近年来,具有变焦功能的电子设备由于应用范围较大而广受追捧。具有变焦功能的电子设备,在不改变拍摄距离的情况下,可以通过变动内部的变焦光学系统的焦距来改变拍摄范围,以获取不同范围内景物较清晰的图像,即一个变焦光学系统可兼担起多个定焦光学系统的作用,使用范围广。但为了保证不同范围内的成像质量,传统的变焦光学系统的尺寸较大,难以满足电子设备小型化设计的需求。
发明内容
根据本申请的各种实施例,提供一种变焦光学系统、变焦模组及电子设备。
一种变焦光学系统,由物侧至像侧依次包括:
具有正屈折力的第一透镜,所述第一透镜的物侧面为凸面,像侧面为凸面;
具有负屈折力的第二透镜;
具有屈折力的第三透镜;
具有屈折力的第四透镜,所述第四透镜的像侧面为凹面;
具有正屈折力的第五透镜,所述第五透镜的像侧面为凸面;及
具有屈折力的第六透镜;
其中,所述第二透镜、所述第三透镜、所述第四透镜构成所述变焦光学系统的变倍组,所述变倍组具有负屈折力,且所述第五透镜及所述变倍组能够分别相对所述第一透镜移动,以使所述变焦光学系统拥有光学变焦效果。

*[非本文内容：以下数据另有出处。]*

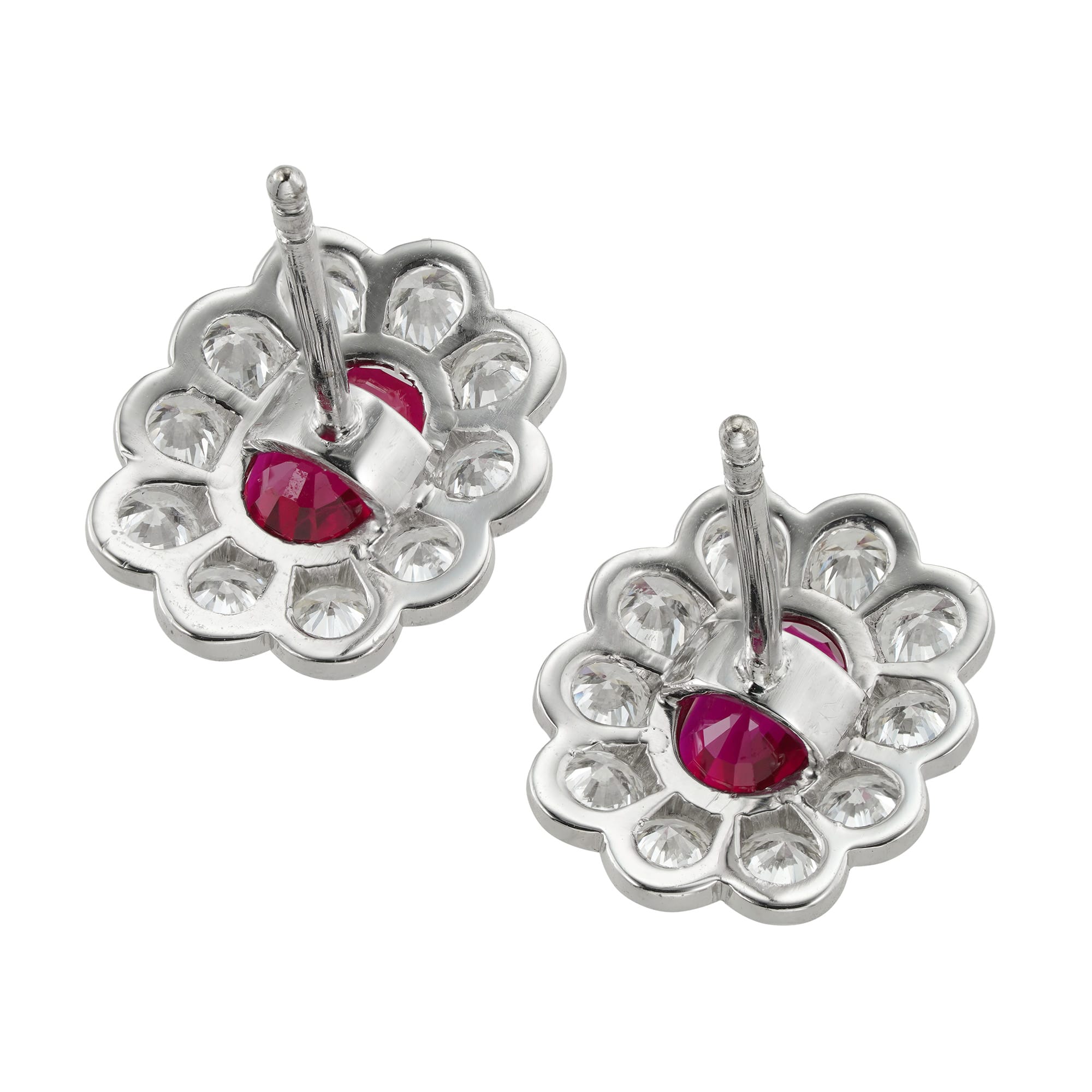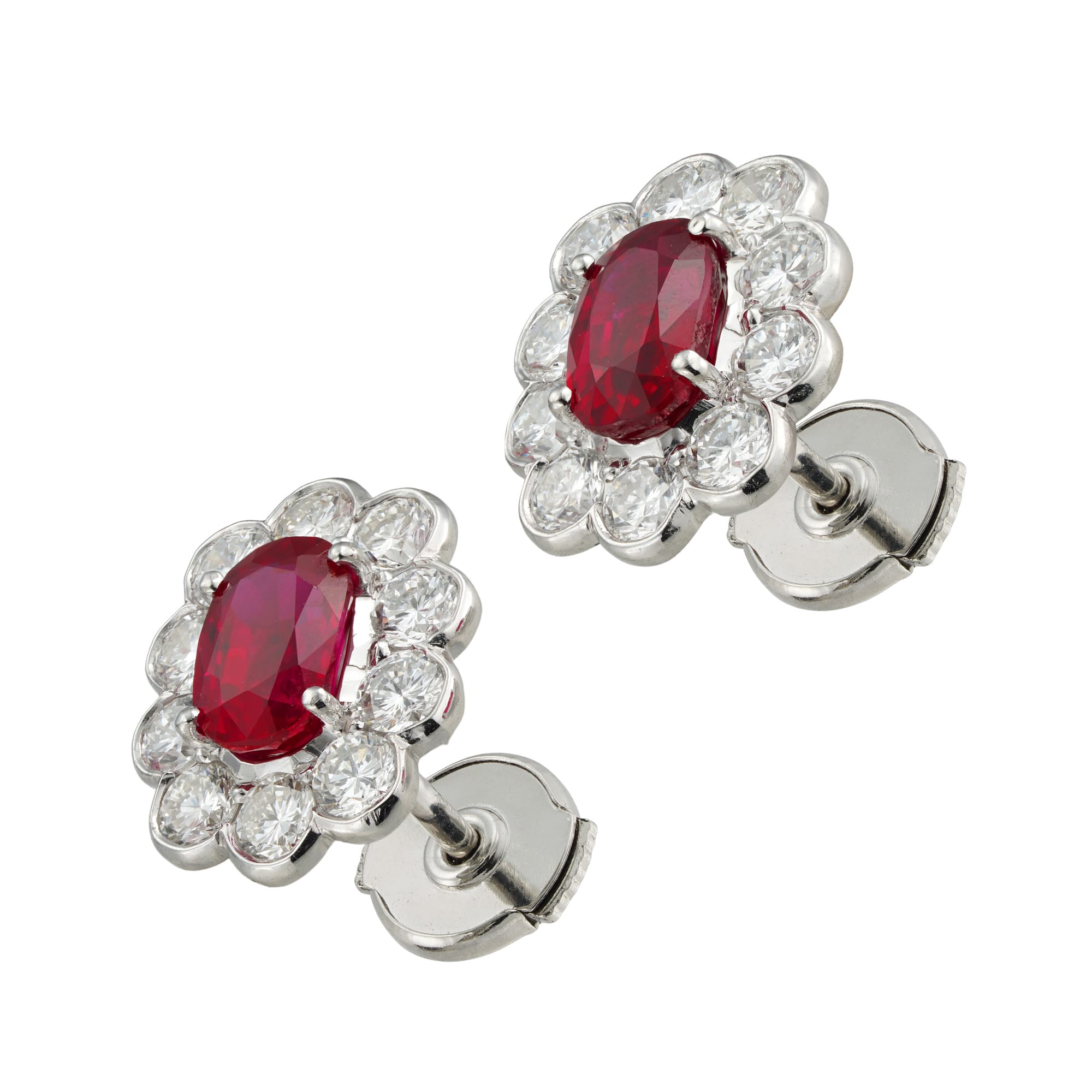 A pair of ruby and diamond cluster earrings, each earring set with a cushion-cut ruby, the one weighing 1.10 carats and the other weighing 1.02 carats accompanied by GCS report stating to be of Burmese origin, each four-claw set and surrounded by ten round brilliant-cut diamonds in rubover setting, the diamonds estimated to weigh 1½ carats in total for the pair, mounted in white gold mounts with post and alpha-type fittings, circa 1960, later hallmarked 18ct gold, London, 2023, bearing the Bentley & Skinner sponsormark, measuring 1.3 x 1.1cm, gross weight 3.5 grams.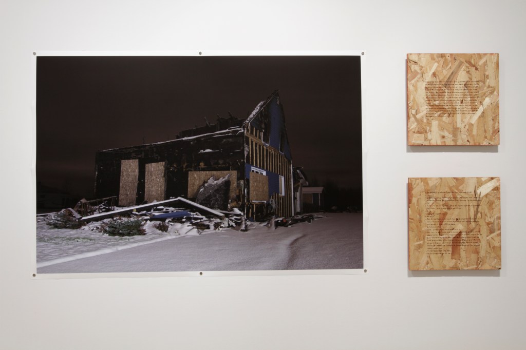 « Fait étrange, c’est en étant hypnotisée par un incendie un soir au centre-ville d’Alma que le projet Les Veilleuses s’est mis en branle. Par la suite, dans une approche d’ouverture j’ai moi aussi été témoin; toutes sortes de situations liées au feu se sont présentées à moi au cours de ma dizaine de rencontres, dont cette autre maison calcinée vue sur le chemin menant chez quelqu’un qui allait me confier son parcours de vie plutôt teinté de flammes.

一种变焦模组,包括感光元件以及上述变焦光学系统,所述感光元件设置于所述变焦光学系统的像侧,且相对所述第一透镜固定。
一种电子设备,包括壳体以及上述的变焦模组,所述变焦模组安装于所述壳体上。
本发明的一个或多个实施例的细节在下面的附图和描述中提出。本发明的其它特征、目的和优点将从说明书、附图以及权利要求书变得明显。

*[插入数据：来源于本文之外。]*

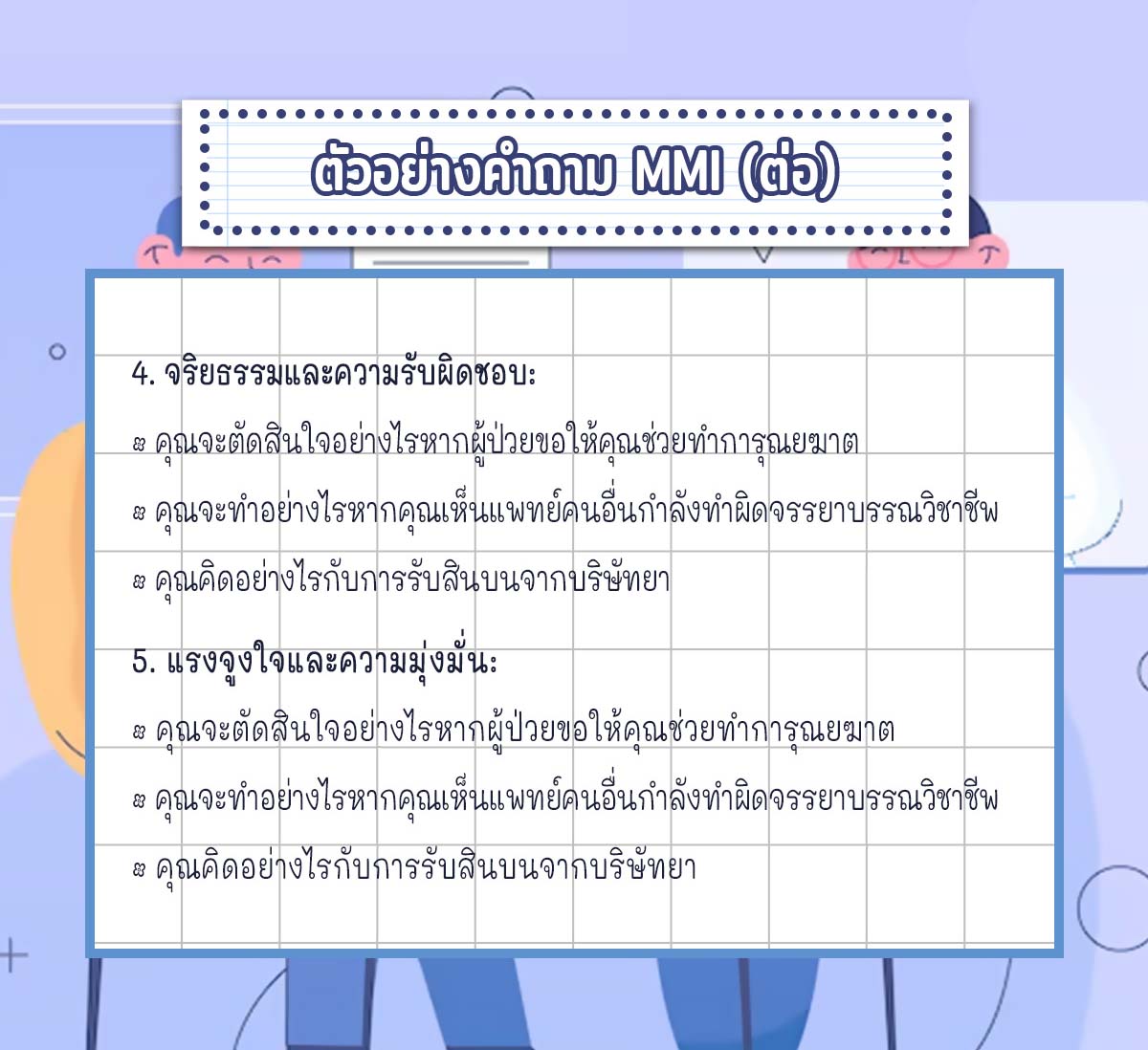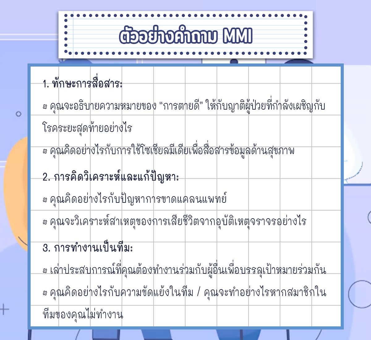 MMI เป็นโอกาสแสดงคุณสมบัติที่เหมาะสมกับวิชาชีพด้านสุขภาพ การเตรียมตัวอย่างเป็นระบบและการสื่อสารที่ดี จะช่วยเพิ่มความมั่นใจและทำให้การสอบราบรื่นมากขึ้น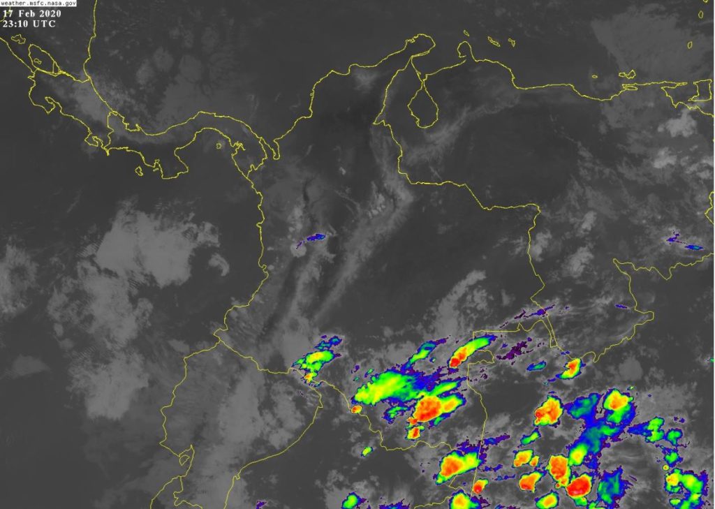 Predominio de tiempo seco en la mayor parte del territorio nacional. Condiciones inestables en algunos sectores del sur del país que podrían generar lluvias de variada intensidad y algunas tormentas en sectores de Putumayo, Caquetá, Amazonas, Vaupés, Guainía y Guaviare. Precipitaciones ocasionales en sectores de Chocó. Vientos fuertes en la costa caribe con intensidades de hasta 35 nudos (70 km/h).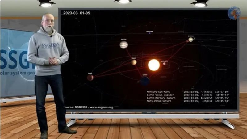 وفي أحدث توقعاته، اليوم الأربعاء، أعاد هوجلربيتس التغريد برسم بياني وقال إنه "تم ذكر بعض الهندسة الحرجة في 13 (من مارس). وهي تتضمن هندسة عطارد والزهرة (القمم الحمراء / البنفسجية) مجتمعة.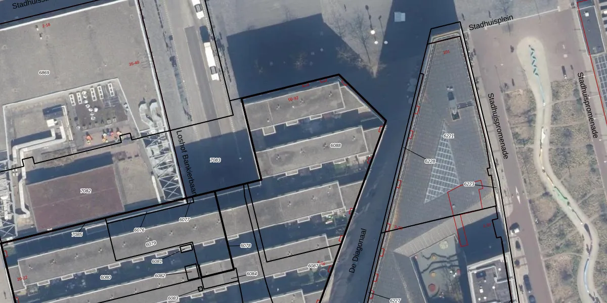 Het perceel waarop Stadhuisplein 55 staat heeft een oppervlakte van 1993 m². Dit is een zeer groot perceel. De perceeloppervlakte wordt geregistreerd door het Kadaster. Gedetailleerde informatie over de maten van dit perceel kunt u vinden in het rapport Kadastrale kaart met maatvoering van Stadhuisplein 55.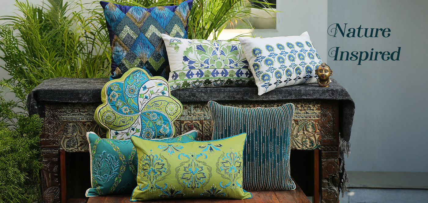 Nature Inspired- Off-White Cushion Cover with Blue and Green Motifs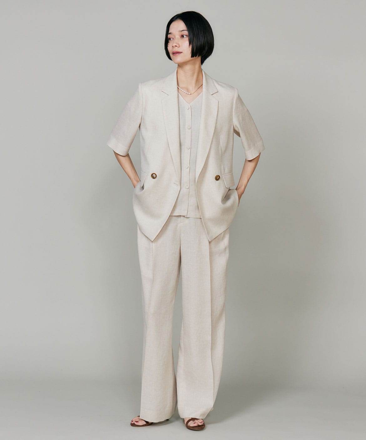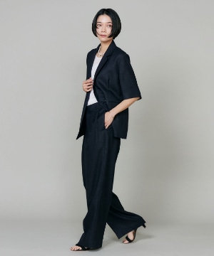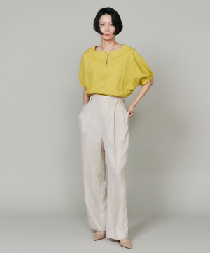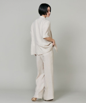 天然の麻の生成りのような深みのある色合いと表情で、麻調合繊の代名詞として知られるアイアス。トリアセテートは森林を守る為のFSC(R)認証を取得したサスティナブル素材です。ナチュラルな風合いながらもシワになりにくく、吸湿速乾性もあります。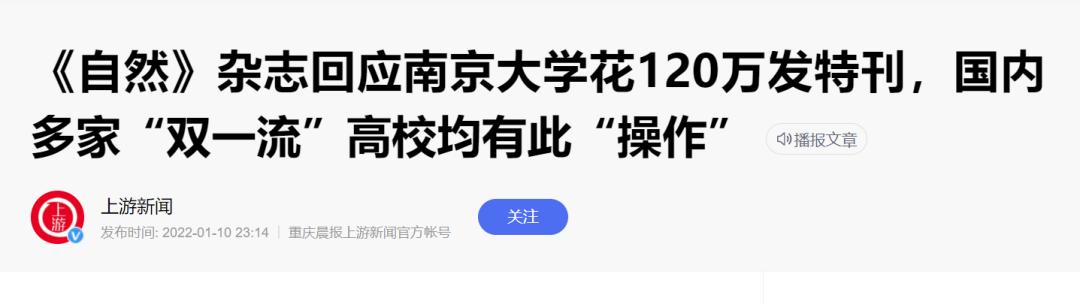 随后发文《《自然》杂志回应南京大学花120万发特刊,国内多家“双一流”高校均有此“操作”》。

为了更好地描述和说明这里公开的那些发明的实施例和/或示例,可以参考一幅或多幅附图。用于描述附图的附加细节或示例不应当被认为是对所公开的发明、目前描述的实施例和/或示例以及目前理解的这些发明的最佳模式中的任何一者的范围的限制。
图1为本申请第一实施例中变焦光学系统处于一种短焦状态下的示意图;
图2为本申请第一实施例中变焦光学系统处于一种长焦状态下的示意图;
图3为本申请第一实施例中变焦光学系统的球差图、像散图和畸变图;
图4为本申请第二实施例中变焦光学系统处于一种短焦状态下的示意图;
图5为本申请第二实施例中变焦光学系统处于一种长焦状态下的示意图;
图6为本申请第二实施例中变焦光学系统的球差图、像散图和畸变图;
图7为本申请第三实施例中变焦光学系统处于一种短焦状态下的示意图;
图8为本申请第三实施例中变焦光学系统处于一种长焦状态下的示意图;
图9为本申请第三实施例中变焦光学系统的球差图、像散图和畸变图;
图10为本申请第四实施例中变焦光学系统处于一种短焦状态下的示意图;
图11为本申请第四实施例中变焦光学系统处于一种长焦状态下的示意图;
图12为本申请第四实施例中变焦光学系统的球差图、像散图和畸变图;
图13为本申请第五实施例中变焦光学系统处于一种短焦状态下的示意图;
图14为本申请第五实施例中变焦光学系统处于一种长焦状态下的示意图;
图15为本申请第五实施例中变焦光学系统的球差图、像散图和畸变图;
图16为本申请第六实施例中变焦光学系统处于一种短焦状态下的示意图;
图17为本申请第六实施例中变焦光学系统处于一种长焦状态下的示意图;
图18为本申请第六实施例中变焦光学系统的球差图、像散图和畸变图;
图19为本申请一种实施例中变焦模组的示意图;
图20为本申请一种实施例中电子设备的示意图。
为了便于理解本发明,下面将参照相关附图对本发明进行更全面的描述。附图中给出了本发明的较佳实施方式。但是,本发明可以以许多不同的形式来实现,并不限于本文所描述的实施方式。相反地,提供这些实施方式的目的是使对本发明的公开内容理解的更加透彻全面。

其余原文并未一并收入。